- **Exercise goal**: In the data below, find the line that contains "Diego (E) e" and the line that contains "Teczka koperta A4". Copy both, plus every line between them, exactly.

- **The input**:
§ §

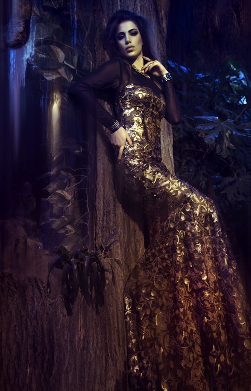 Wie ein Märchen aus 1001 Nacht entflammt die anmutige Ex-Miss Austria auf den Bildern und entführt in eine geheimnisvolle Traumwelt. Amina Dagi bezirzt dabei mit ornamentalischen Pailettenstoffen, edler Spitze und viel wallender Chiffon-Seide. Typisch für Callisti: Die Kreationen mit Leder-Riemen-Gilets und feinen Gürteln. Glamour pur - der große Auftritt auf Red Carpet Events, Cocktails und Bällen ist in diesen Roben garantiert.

§ §

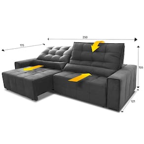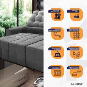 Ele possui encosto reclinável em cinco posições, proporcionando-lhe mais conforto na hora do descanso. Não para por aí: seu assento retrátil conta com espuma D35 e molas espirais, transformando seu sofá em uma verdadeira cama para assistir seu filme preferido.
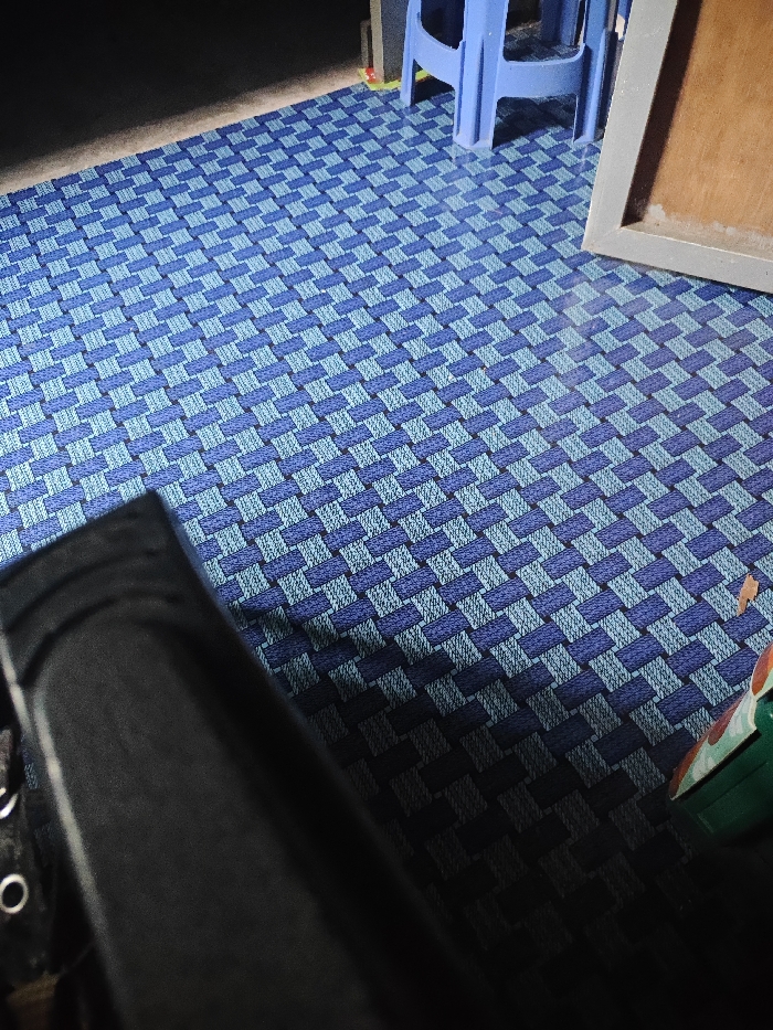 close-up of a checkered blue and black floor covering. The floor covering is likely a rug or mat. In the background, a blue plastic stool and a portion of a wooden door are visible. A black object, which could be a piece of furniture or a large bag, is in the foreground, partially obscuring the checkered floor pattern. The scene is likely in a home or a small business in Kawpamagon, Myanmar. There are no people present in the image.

§ §

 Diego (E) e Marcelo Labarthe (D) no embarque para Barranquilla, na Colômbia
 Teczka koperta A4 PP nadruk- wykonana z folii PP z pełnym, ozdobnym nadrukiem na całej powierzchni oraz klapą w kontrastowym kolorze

§ §

- **Output for this task**:
 Diego (E) e Marcelo Labarthe (D) no embarque para Barranquilla, na Colômbia
 Teczka koperta A4 PP nadruk- wykonana z folii PP z pełnym, ozdobnym nadrukiem na całej powierzchni oraz klapą w kontrastowym kolorze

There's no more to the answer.